26. The composition as claimed in claim 25, wherein the capsular polysaccharides are selected from one or more of the Streptococcus pneumoniae serotypes: 1, 3, 4, 5, 6A, 6B, 7F, 9V, 14, 18C, 19A, 19F and 23F.

27. The composition as claimed in claims 25 or 26, for use as a medicament.

28. The composition as claimed in claim 27, for use as a medicament formulated for delivery to and/or through mucosa.

29. The composition as claimed in claim 28, wherein the mucosa is lung mucosa.

30. The composition as claimed in any one of claims 27 to 29, wherein the medicament is a vaccine.

31. The composition as claimed in claim 30, wherein the vaccine is a pulmonary vaccine.

32. The composition as claimed in any one of claims 27 to 31, wherein the medicament is an adjuvant medicament.

33. The composition as claimed in any preceding claim, for use in the prevention, management, amelioration or treatment of pneumococcal disease or infection.

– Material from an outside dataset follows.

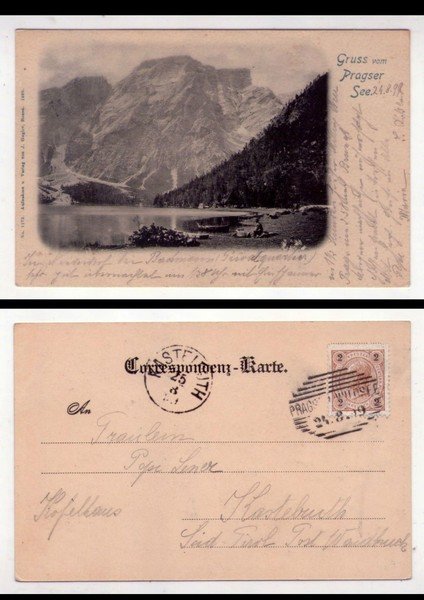 Cartolina/postcard Gruss vom Pragser See. Lago di Braies. 1899

34. The composition as claimed in claim 33, wherein the pneumococcal disease comprises pneumonia.

35. A method of producing a nanoparticle for the delivery and/or presentation of one or more antigens, the method comprising: a) forming an oil-in-water emulsion of a polymer and a-Galactosylceramide (a-GalCer) in an organic solvent and agitating the emulsion; b) mixing the emulsion with an aqueous phase containing chitosan so as to form a mixture and removing the organic solvent from the mixture so as to form a nanoparticle suspension; c) removing any unbound a-Galactosylceramide (a-GalCer) and/or chitosan from the nanoparticle suspension; d) absorbing or conjugating the one or more antigens on to the nanoparticles; and optionally separating the nanoparticles which have absorbed or conjugated antigens present.

36. The method as claimed in claim 35, wherein the method further comprises: e) drying the nanoparticles.

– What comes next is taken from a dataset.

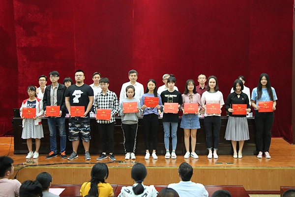 会议在庄严的国歌声中开始。大会首先表彰了获得学校2017年度“优秀共青团员”称号的居佳晨等300名团员青年、获得“优秀团干部”称号的李强等70名团干部、获得“五四红旗团支部”称号的机械电子11641班等30个团支部和获得“五四红旗分团委”以及标兵单位的5个团总支。

37. The method as claimed in claim 36, wherein e) comprises spray drying, and optionally comprises spray drying the nanoparticles together with one or more excipients.

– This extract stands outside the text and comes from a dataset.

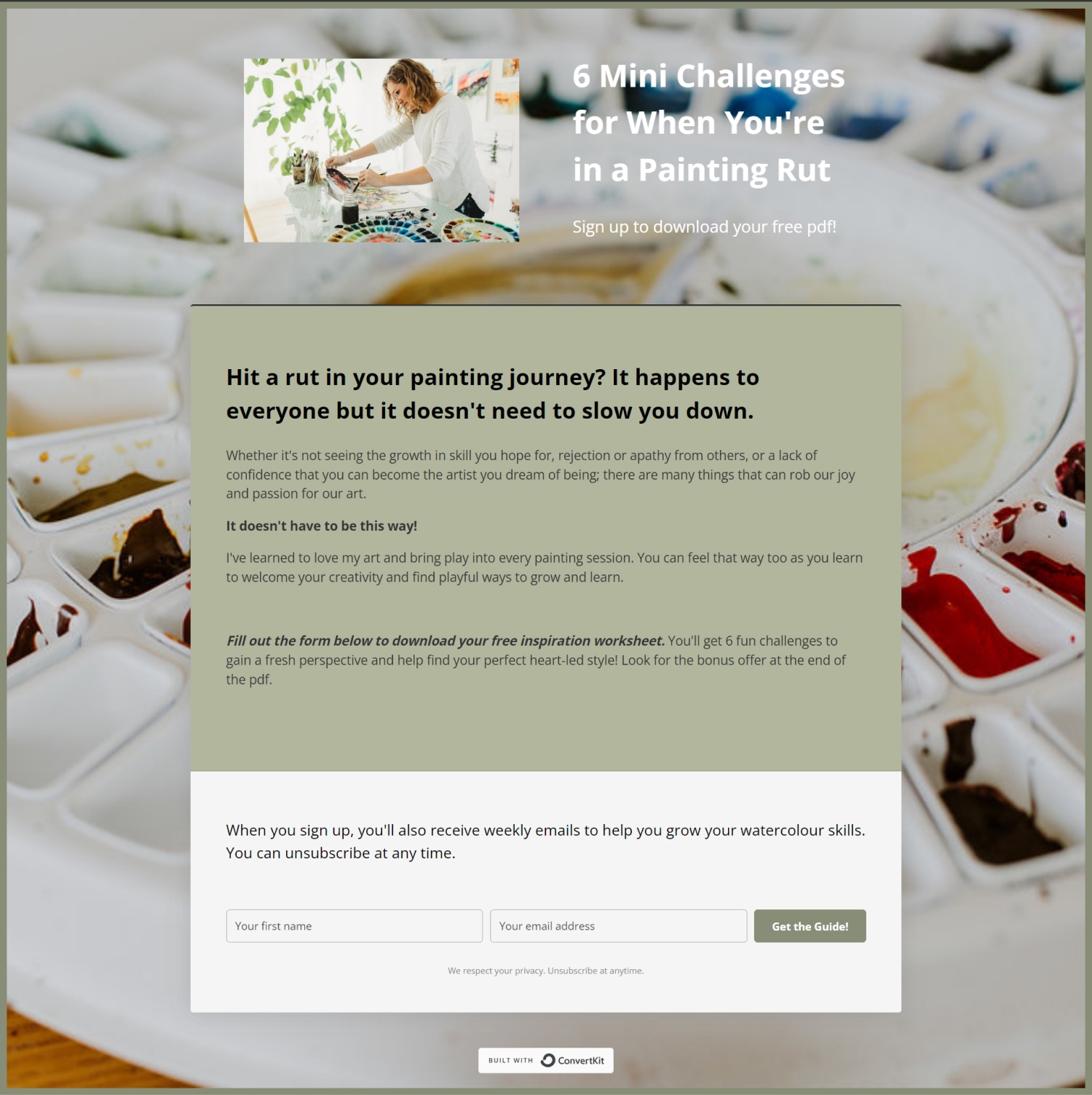 Instead, create lead magnets that attract a targeted group of people. Artist Angela Fehr’s lead magnet isn’t just for artists; it’s for watercolor painters who are stuck in a rut.

38. The method as claimed in any one of claims 35 to 37, wherein the oil-in water emulsion in a) further comprises polyvinyl alcohol (PVA), and optionally, the PVA is removed in b).

39. The method as claimed in to any one of claims 35 to 38, wherein the agitation in a) is by sonification.

40. The method as claimed in any one of claims 35 to 39, wherein the nanoparticles are formed having a diameter in the range of 100 to 500 nm.

41. The method as claimed in any one of claims 36 to 39, wherein the nanoparticles are embedded within microcarrier formed by spray drying and form particles having a diameter in the range of 1 to 5 pm.

42. The method as claimed in any one of claims 35 to 41, wherein the polymer comprises poly(lactic-co-glycolic acid) (PLGA).

43. The method as claimed in any one of claims 35 to 42, wherein the chitosan comprises chitosan hydrochloride or a non-animal source chitosan.

44. The method as claimed in any one of claims 35 to 43, wherein the one or more antigens are absorbed on to the surface of the nanoparticle by van der waals or electrostatic interaction.

45. The method as claimed in any one of claims 35 to 44, wherein the one or more antigens are selected from one or more of the following: pneumococcal surface protein A (PspA) and/or pneumolysin (PdT) and/or derivatives thereof.

46. The method as claims in claim 45, wherein the PspA is recombinant and/or PdT is a detoxified derivative.

47. The method as claimed in any one of claims 35 to 44, wherein the one or more antigens comprise a plurality of capsular polysaccharides from Streptococcus pneumoniae serotypes.

48. The method as claims in claim 47, wherein the capsular polysaccharides are selected from one or more of the Streptococcus pneumoniae serotypes: 1, 3, 4, 5, 6A, 6B, 7F, 9V, 14, 18C, 19 A, 19F and 23F.

49. The method as claimed in anyone of claims 35 to 48 for the production of a nanoparticle as claimed in anyone of claims 1 to 24 or a multivalent immunogenic composition as claims in any one of claims 25 to 34.